MATERIAL PROVIDED
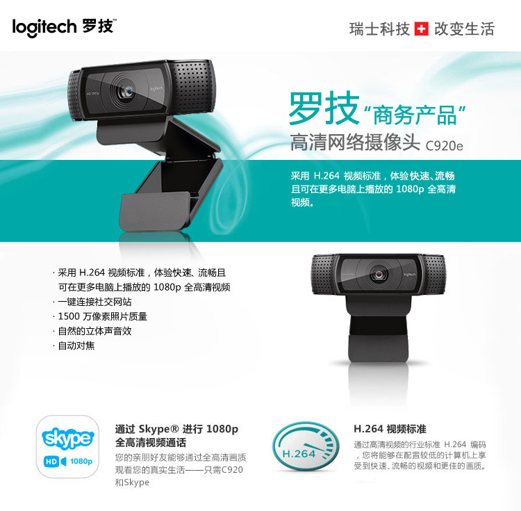 商品名称:罗技(Logitech)C920e 高清网络直播摄像头
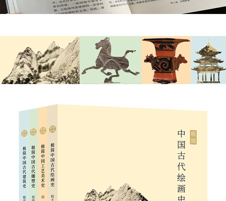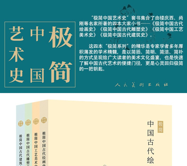 “極簡中國藝術史”套書集合了由樓慶西、尚剛等名家所著的四本大家小書——《極簡中國古代繪畫史》《極簡中國古代雕塑史》《極簡中國工藝美術史》《極簡中國古代建築史》。這四本“極簡系列”的精華是專家學者多年厚積薄發的學術精髓,是以簡括、簡明、簡潔、簡樸的方式呈現給廣大讀者的美術文化盛宴,也是快速了解中國古代藝術的便捷門徑,更是心靈回歸極簡的一把鑰匙。
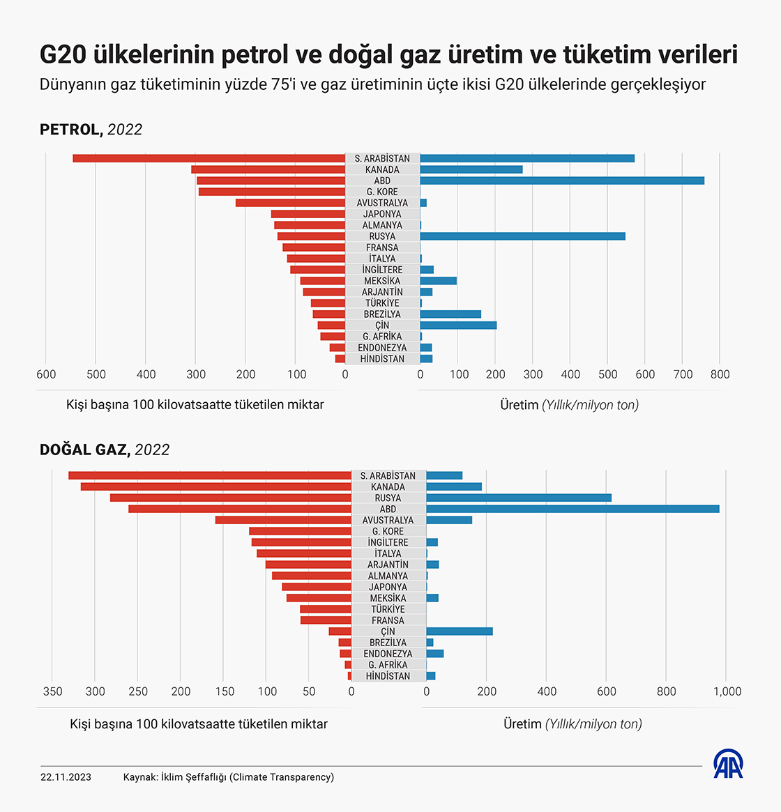 G20 ülkelerinin petrol ve doğal gaz üretim ve tüketim verileri
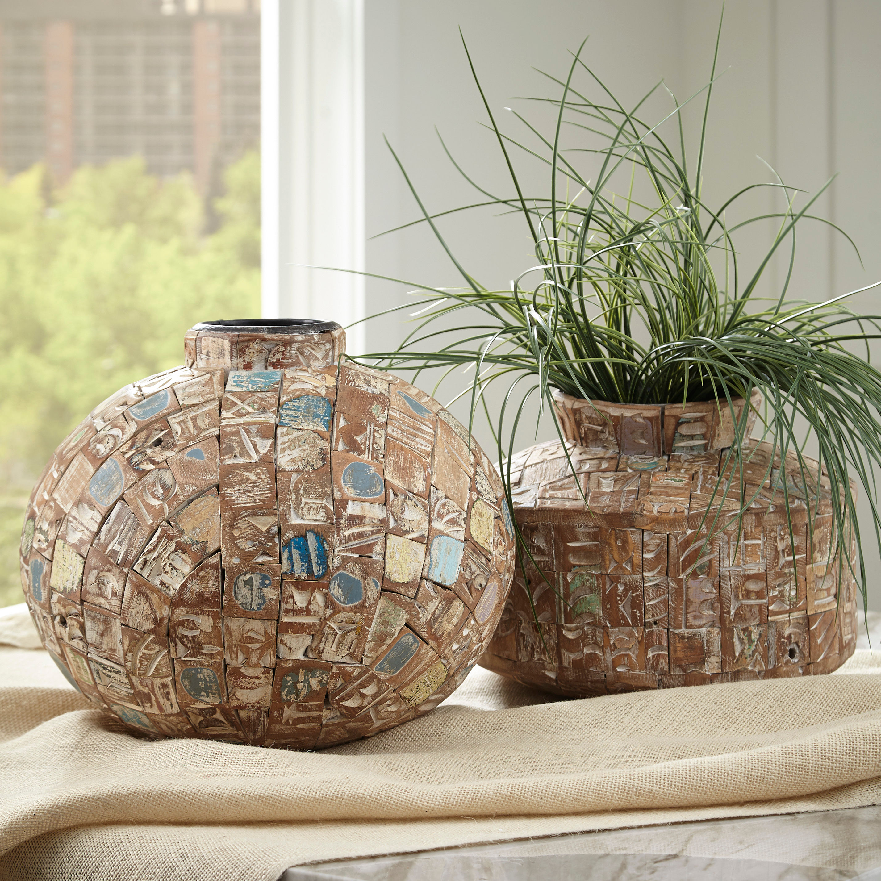 Bring a hint of natural beauty to your decor with the Meltland vase. Mesmerizing with its multi-hued finish, this piece's reclaimed wood construction has a well-loved look that graces your space with a weathered and warm appeal.

WORK TO COMPLETE
Only one thing is wanted here, an exact copy of the lines from the first line above through the line containing "G20 ülkelerinin petrol", minus any picture.

YOUR SOLUTION
 商品名称:罗技(Logitech)C920e 高清网络直播摄像头
 “極簡中國藝術史”套書集合了由樓慶西、尚剛等名家所著的四本大家小書——《極簡中國古代繪畫史》《極簡中國古代雕塑史》《極簡中國工藝美術史》《極簡中國古代建築史》。這四本“極簡系列”的精華是專家學者多年厚積薄發的學術精髓,是以簡括、簡明、簡潔、簡樸的方式呈現給廣大讀者的美術文化盛宴,也是快速了解中國古代藝術的便捷門徑,更是心靈回歸極簡的一把鑰匙。
 G20 ülkelerinin petrol ve doğal gaz üretim ve tüketim verileri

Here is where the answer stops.